EXERCISE DATA:
- - - - -

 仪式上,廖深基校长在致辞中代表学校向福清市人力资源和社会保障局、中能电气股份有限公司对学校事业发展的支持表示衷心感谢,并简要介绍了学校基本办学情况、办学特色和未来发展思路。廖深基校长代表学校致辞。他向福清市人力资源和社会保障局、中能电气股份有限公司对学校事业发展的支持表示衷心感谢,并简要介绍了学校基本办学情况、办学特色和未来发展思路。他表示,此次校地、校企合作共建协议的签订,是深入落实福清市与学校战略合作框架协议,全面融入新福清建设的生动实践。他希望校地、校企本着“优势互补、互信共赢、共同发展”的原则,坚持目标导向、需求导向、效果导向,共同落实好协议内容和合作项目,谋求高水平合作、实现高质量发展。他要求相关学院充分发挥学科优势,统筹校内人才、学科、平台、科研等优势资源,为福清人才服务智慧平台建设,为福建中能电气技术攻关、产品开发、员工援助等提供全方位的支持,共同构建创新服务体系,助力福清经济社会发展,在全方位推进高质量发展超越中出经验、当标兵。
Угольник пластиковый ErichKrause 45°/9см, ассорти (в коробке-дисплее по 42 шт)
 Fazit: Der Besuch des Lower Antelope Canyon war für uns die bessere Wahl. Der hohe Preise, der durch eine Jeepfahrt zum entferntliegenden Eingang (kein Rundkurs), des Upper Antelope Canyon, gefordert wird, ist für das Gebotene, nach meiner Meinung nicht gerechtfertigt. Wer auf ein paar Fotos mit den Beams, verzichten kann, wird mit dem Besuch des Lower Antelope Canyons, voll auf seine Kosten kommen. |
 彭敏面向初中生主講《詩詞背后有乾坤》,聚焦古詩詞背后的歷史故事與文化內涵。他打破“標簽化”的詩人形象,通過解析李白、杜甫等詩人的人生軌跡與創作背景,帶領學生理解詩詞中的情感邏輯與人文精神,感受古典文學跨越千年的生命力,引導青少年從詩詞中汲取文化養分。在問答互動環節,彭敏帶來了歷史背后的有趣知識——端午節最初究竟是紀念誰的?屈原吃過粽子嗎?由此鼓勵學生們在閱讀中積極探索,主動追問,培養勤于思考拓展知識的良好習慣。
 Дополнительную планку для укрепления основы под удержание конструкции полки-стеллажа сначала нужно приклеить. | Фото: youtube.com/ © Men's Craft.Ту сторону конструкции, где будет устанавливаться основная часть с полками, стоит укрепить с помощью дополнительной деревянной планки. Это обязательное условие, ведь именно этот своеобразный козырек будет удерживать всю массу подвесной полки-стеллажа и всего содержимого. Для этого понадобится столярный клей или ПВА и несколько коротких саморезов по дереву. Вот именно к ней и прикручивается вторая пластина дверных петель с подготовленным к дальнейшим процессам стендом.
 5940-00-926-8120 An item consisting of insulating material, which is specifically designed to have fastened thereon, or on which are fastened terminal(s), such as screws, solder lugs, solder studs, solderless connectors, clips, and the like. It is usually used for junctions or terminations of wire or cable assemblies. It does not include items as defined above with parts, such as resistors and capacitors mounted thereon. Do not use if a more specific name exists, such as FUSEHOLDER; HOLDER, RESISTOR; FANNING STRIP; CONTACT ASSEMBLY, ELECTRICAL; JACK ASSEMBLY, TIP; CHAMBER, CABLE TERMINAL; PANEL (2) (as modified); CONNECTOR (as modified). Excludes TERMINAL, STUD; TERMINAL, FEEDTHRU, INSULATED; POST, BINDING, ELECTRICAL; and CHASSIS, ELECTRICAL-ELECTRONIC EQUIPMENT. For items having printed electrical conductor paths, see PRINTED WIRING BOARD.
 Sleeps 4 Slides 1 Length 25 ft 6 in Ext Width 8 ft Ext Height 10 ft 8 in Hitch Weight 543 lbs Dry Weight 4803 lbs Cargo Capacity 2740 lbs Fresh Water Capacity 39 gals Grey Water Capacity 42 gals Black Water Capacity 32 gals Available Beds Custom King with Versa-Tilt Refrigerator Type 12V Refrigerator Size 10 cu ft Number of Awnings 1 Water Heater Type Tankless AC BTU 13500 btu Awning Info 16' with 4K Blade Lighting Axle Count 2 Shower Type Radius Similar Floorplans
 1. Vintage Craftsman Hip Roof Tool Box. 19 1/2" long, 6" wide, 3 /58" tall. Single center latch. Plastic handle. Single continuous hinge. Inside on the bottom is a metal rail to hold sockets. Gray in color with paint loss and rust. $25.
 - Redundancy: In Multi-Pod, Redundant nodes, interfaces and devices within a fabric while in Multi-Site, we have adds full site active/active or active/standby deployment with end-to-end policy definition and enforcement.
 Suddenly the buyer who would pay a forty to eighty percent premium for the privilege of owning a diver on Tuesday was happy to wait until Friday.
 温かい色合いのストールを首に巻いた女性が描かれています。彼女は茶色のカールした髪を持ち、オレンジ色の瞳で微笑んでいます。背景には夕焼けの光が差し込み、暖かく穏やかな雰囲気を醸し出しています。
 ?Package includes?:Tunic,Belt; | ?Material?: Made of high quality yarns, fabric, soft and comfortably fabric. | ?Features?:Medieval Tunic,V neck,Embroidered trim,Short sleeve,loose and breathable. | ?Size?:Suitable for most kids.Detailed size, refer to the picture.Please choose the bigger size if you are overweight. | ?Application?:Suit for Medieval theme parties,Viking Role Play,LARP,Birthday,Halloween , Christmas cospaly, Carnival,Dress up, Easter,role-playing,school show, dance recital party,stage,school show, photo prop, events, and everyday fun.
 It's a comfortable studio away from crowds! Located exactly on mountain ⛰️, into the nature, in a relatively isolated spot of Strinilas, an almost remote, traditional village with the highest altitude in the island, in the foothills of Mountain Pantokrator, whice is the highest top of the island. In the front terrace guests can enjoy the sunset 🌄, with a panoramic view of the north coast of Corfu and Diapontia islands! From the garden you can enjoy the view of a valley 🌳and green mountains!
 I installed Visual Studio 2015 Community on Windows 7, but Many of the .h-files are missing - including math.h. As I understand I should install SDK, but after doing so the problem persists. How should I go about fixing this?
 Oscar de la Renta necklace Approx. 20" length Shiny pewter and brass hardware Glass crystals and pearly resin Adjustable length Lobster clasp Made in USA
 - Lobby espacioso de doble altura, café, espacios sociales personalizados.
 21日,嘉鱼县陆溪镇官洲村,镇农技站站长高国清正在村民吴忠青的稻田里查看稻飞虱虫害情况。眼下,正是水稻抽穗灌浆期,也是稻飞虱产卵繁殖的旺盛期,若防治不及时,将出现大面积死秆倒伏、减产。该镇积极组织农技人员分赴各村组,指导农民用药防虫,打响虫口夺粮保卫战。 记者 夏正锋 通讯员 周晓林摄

- - - - -

PROBLEM DESCRIPTION:
Only the lines containing the string "fabric" are needed; pull them out of the records.

YOUR RESPONSE:
 - Redundancy: In Multi-Pod, Redundant nodes, interfaces and devices within a fabric while in Multi-Site, we have adds full site active/active or active/standby deployment with end-to-end policy definition and enforcement.
 ?Package includes?:Tunic,Belt; | ?Material?: Made of high quality yarns, fabric, soft and comfortably fabric. | ?Features?:Medieval Tunic,V neck,Embroidered trim,Short sleeve,loose and breathable. | ?Size?:Suitable for most kids.Detailed size, refer to the picture.Please choose the bigger size if you are overweight. | ?Application?:Suit for Medieval theme parties,Viking Role Play,LARP,Birthday,Halloween , Christmas cospaly, Carnival,Dress up, Easter,role-playing,school show, dance recital party,stage,school show, photo prop, events, and everyday fun.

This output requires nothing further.